The feedback from video reviewers is used by Amazon to train its AI camera system that monitors the stowing process in its warehouses. This camera reportedly also tracks the stower’s movements and sends footage to video reviewers whose inputs help the company improve its machine learning tools.

Published in partnership with the Bureau of Investigative Journalism, the report stated that workers reviewing footage from warehouses are paid just hundreds of dollars a month for eight-hour shifts that can be extended to 11 hours during busy periods. During shifts, reviewers can get through 8,000 videos every day.

Reviewers working on warehouse monitoring complained of physical problems including headaches, eye pain, and eyesight deterioration. They also complained that they were made to meet difficult targets, with tracking software logging in periods of inactivity outside their designated break time.

These reviewers watch footage from cameras stationed in warehouses that monitor stower’s movements.

Video reviewers shared that their primary role was to stock management, however, they can also record errors made by their colleagues overseas.

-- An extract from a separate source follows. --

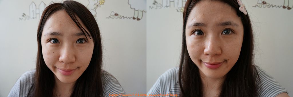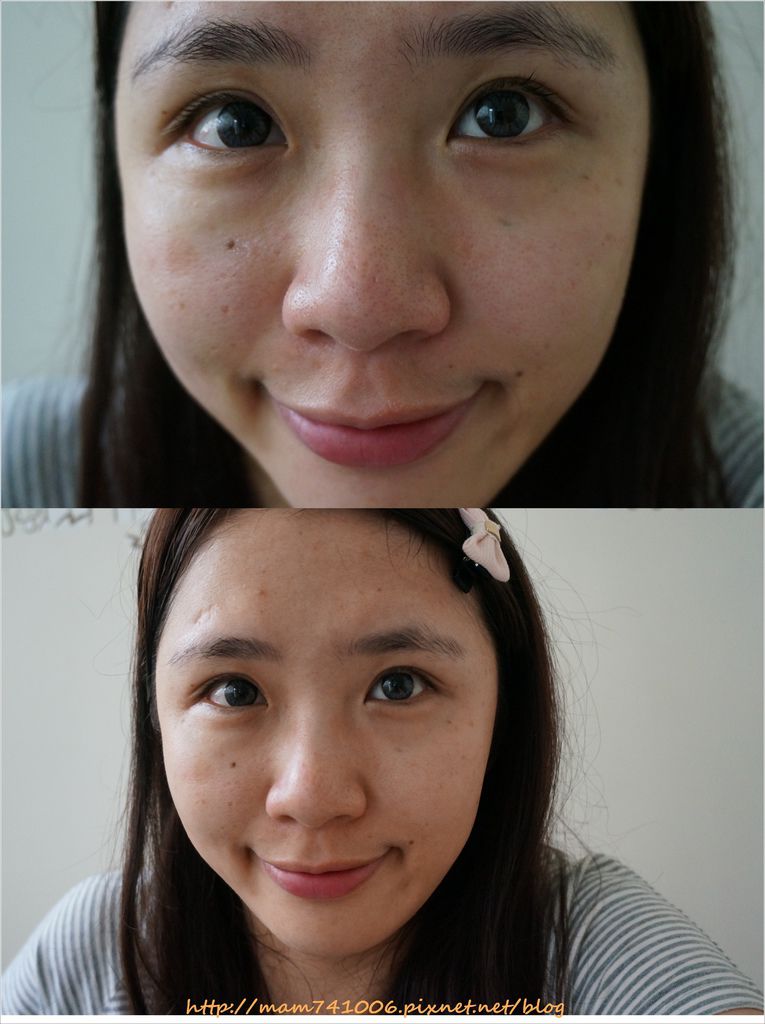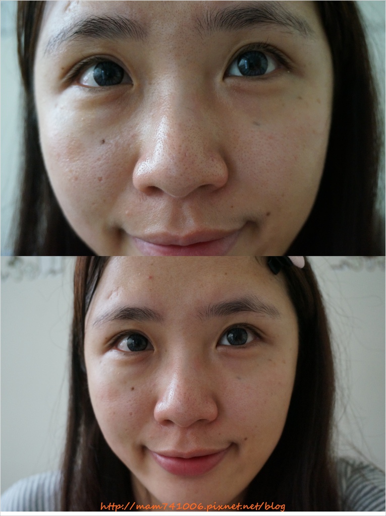 左圖是未洗臉前(剛起床的樣子),右圖是使用上面四樣保養後,可以看到肌膚亮度有提高

Managers also keep track of reviewers’ performance with real-time analytics and maintain an accuracy rate of 95-99%.

Reviewers who are unable to maintain high accuracy at a fast pace risk losing their jobs.

Reviewers are rated based on their “TAKT” time, the average time to get through a video with those ranking in the last four places highlighted in red, according to a document shared by a former reviewer.

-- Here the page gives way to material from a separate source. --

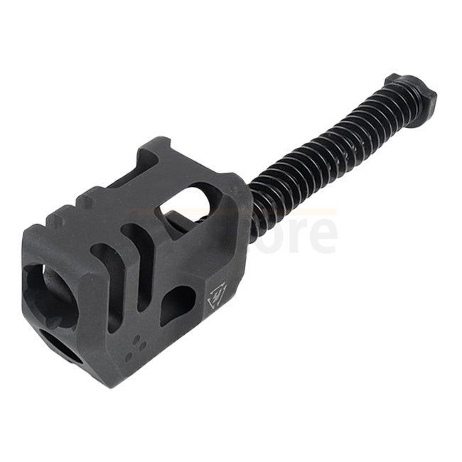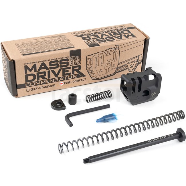 Le Strike Industries Mass Driver Compensator (MDC) représente un bond en avant dans la conception des compensateurs, puisque les conceptions actuelles sont restées largement inchangées depuis les années 1930. Le Mass Driver Compensator est entraîné par les gaz chauds expulsés à travers le canon après le déchargement de la cartouche et agit comme un système de contrepoids pour atténuer le recul mécanique. En séparant le compensateur des composants opérationnels après l'allumage, le MDC permet des vitesses cycliques proches de celles d'origine et réduit la masse alternative.

The report also shared that most workers being filmed in warehoused by Amazon’s cameras were unaware that they were being watched and that their footage could be sent to manual reviewers.

Amazon on its part stated that its system algorithm monitoring stower’s is 95% accurate and only the remainder of it requires a manual check. It also stated that a number of allegations made in the report were based on anecdotes from a handful of individuals and painted a misleading picture that does not represent the majority of its team.

The company also shared that reviewers in India and Costa Rica were encouraged by the software they use to take short breaks throughout their shifts.

The report is based on interviews spanning 33 current and former Amazon employees, including 21 video reviewers.